Мы пробеседовали несколько времени в их юрте, и не скучно. Заметив, что Ренольген, старший брат Хатыргина, все молчит с каким-то юродивым видом, спросили мы о причине этого. «Он почти совсем не говорит, – отвечал Хатыргин, – но зато мастер бить в бубны». Мы догадались, что он шаман, и просили его показать нам свое искусство и пошаманить, благополучно ли кончим мы наш путь. Подарки, сопроводившие нашу просьбу, его склонили. Он ушел за свой полог, откуда скоро послышался на вой похожий голос, то возвышавшийся, то понижавшийся и сопровождаемый легкими ударами в бубен тонким китовым усом.
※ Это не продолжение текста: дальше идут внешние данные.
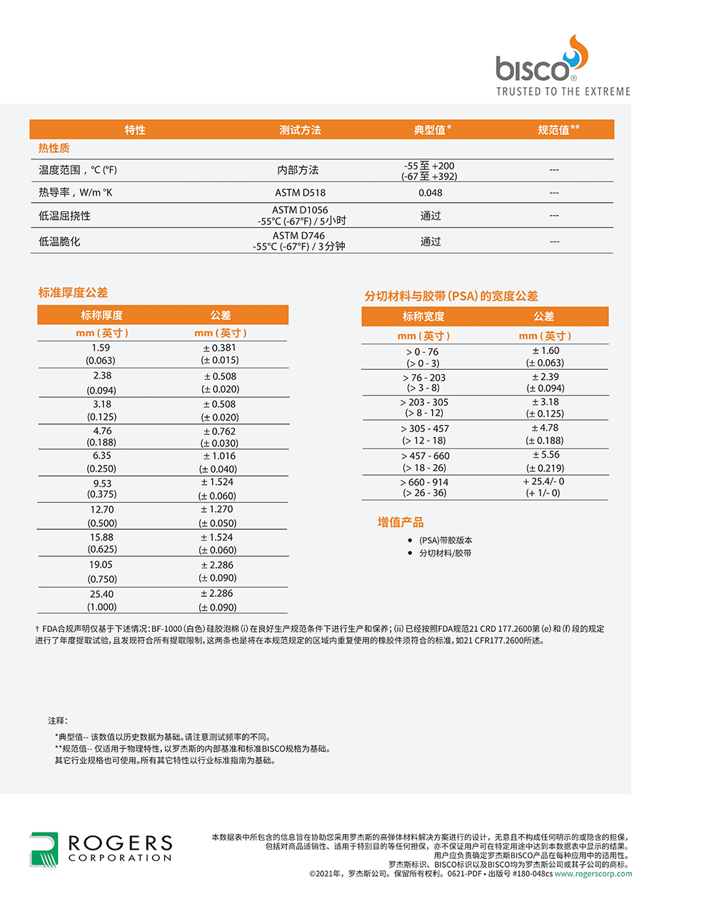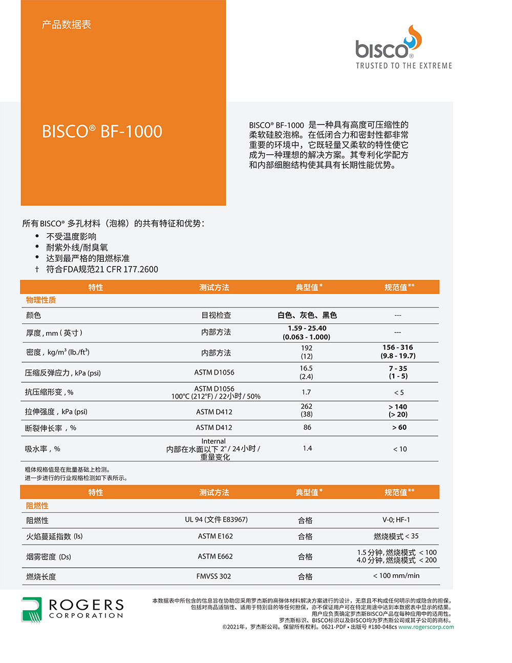 羅杰斯BISCO?  BF-1000 超軟硅膠泡棉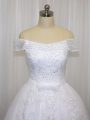 Free and Easy White Sleeveless Court Train Beading and Lace and Belt Wedding Gowns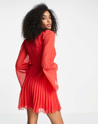 ASOS DESIGN textured pleated wrap mini dress in bright red ASOS Very well made.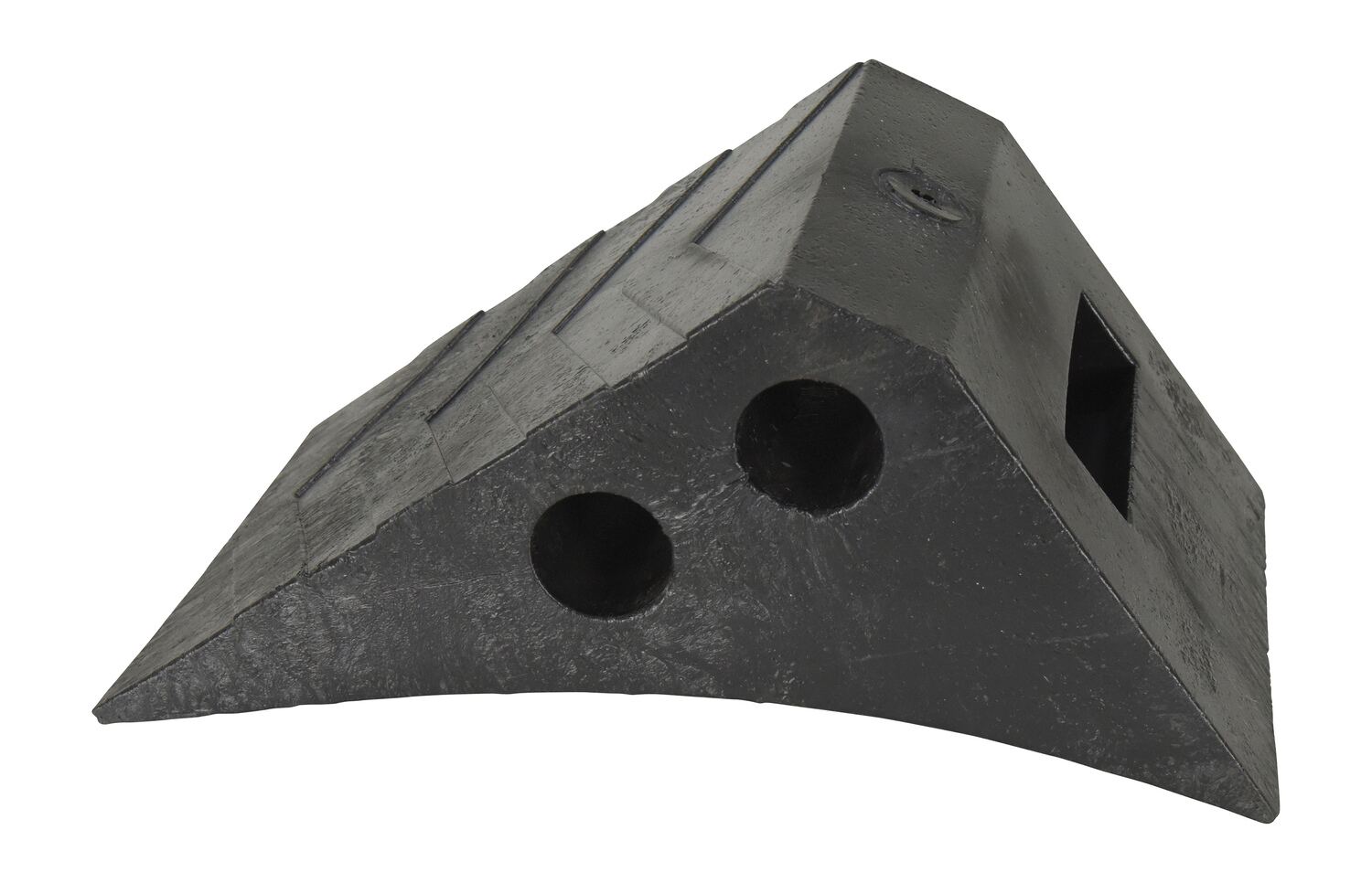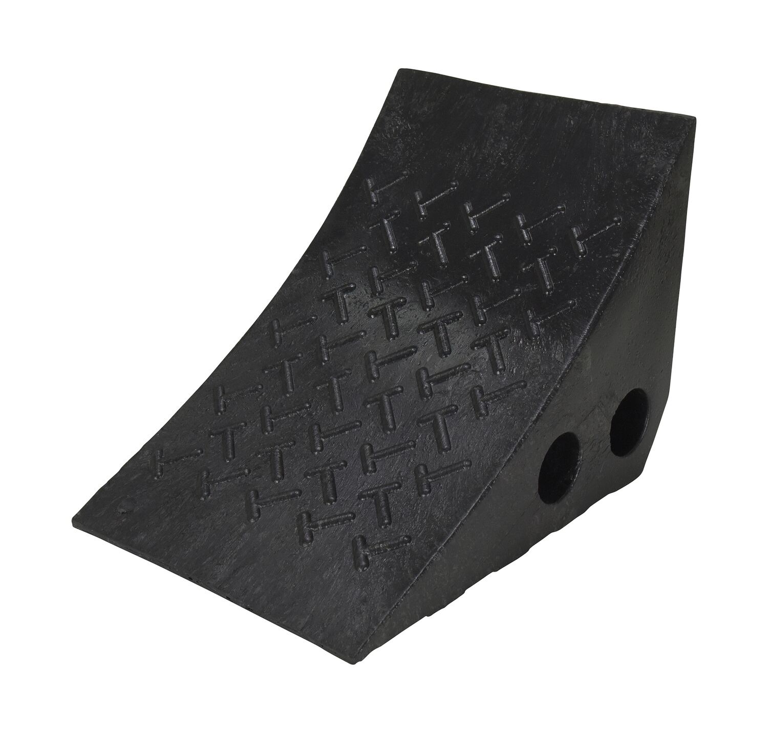 Recycled Polypropylene Plastic Wheel Chock 10-1/4 In. x 7-1/2 In. x 7-1/2 In. BlackThe recycled plastic Wheel Chock is durable yet light enough to take along when you travel. Made of one-hundred (100) percent recycled plastic. Resistant to damage from sunlight, oil, salt and chemicals.

Полог поднялся, и мы увидели нашего кудесника, качавшегося из стороны в сторону, усиливая постепенно голос свой и удары в бубен, который он держал под самым ухом. Цель этой музыки, кажется, в том, чтобы оглушить и одурить шамана. Якутские шаманы достигают того же, кружась на месте. За этим началось настоящее колдовство. Сбросив с себя кухлянку, обнажился он до пояса, взял гладкий камень, пошептал над ним, дал его мне в руку подержать, потом, взяв его между двух ладоней, повел одной вверх другой руки, и камень исчез. Он показывал желвак над локтем, где будто бы камень остановился. Желвак этот перевел он в бок и, вырезав оттуда камень, объявил, что все будет благополучно. Чистота его фокуса не сделала бы бесчестия самому Боске или Пинетти. Похвалив его искусство, подарили мы ему ножик; приняв его, сказал он с важностью, что хочет испытать его остроту; вытянул свой язык и стал его резать… Мы видели, как рот его наполнялся кровью… наконец, отрезав язык, показал нам его в руке, но тут занавес опустился, потому что кусок мяса не так легко было спрятать, как камень.
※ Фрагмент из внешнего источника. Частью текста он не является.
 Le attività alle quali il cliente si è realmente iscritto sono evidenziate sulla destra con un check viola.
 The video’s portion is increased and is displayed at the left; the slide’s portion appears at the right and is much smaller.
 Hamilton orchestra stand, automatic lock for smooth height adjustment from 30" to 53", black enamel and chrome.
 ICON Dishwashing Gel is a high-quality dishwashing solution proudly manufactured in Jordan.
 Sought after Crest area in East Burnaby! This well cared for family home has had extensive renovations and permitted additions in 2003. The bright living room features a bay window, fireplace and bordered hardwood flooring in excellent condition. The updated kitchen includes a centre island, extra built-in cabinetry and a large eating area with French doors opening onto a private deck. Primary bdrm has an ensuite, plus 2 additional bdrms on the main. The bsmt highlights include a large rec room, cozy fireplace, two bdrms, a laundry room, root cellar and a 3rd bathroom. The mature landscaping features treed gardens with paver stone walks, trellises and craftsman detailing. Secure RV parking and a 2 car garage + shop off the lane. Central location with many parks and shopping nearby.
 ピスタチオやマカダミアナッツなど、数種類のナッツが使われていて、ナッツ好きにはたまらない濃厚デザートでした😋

Приятелю нашему Хатыргину предлагали мы сопутствовать экспедиции нашей в Анадырь, он колебался, обещанные подарки соблазняли его, но, наконец, отказался, кажется, по совету своего брата шамана.

Ночью поднялся ветер от NO, усилившийся к утру (18 августа) до такой степени, что мы, не помышляя уже об отправлении баркаса, должны были приготовить стеньги и реи к спуску и третий якорь. Буря эта с одинаковой силой свирепствовала два дня, сопровождаемая снежной вьюгой, дождем и морозом. Защищенные берегом, стояли мы спокойно, но в бездействии, тем более скучном, что окружены были самой унылой картиной в свете: перед нами изредка означались голые, снегом покрытые утесы; за кормой – кошка, также под снегом, омываемая огромными бурунами. Однако в море надоели бы эти дни еще больше. Время это доказало нам, что осень здесь гораздо ближе, чем мы предполагали, и что баркас нельзя уже без явной опасности отправить в море за 40 и более миль; и я оказался вынужденным переменить свой план и поспешить теперь с описью залива, чтобы после того следовать к Анадырю уже со шлюпом. Вследствие этого, как только ветер утих (20 августа), мичман Ратманов отправился с баркасом и байдаркой по западному берегу залива, снабженный на 5 дней. Я полагал, что за это время успеет он встретиться с поручиком Семеновым, которому назначено было ехать на следующее утро вдоль восточного берега.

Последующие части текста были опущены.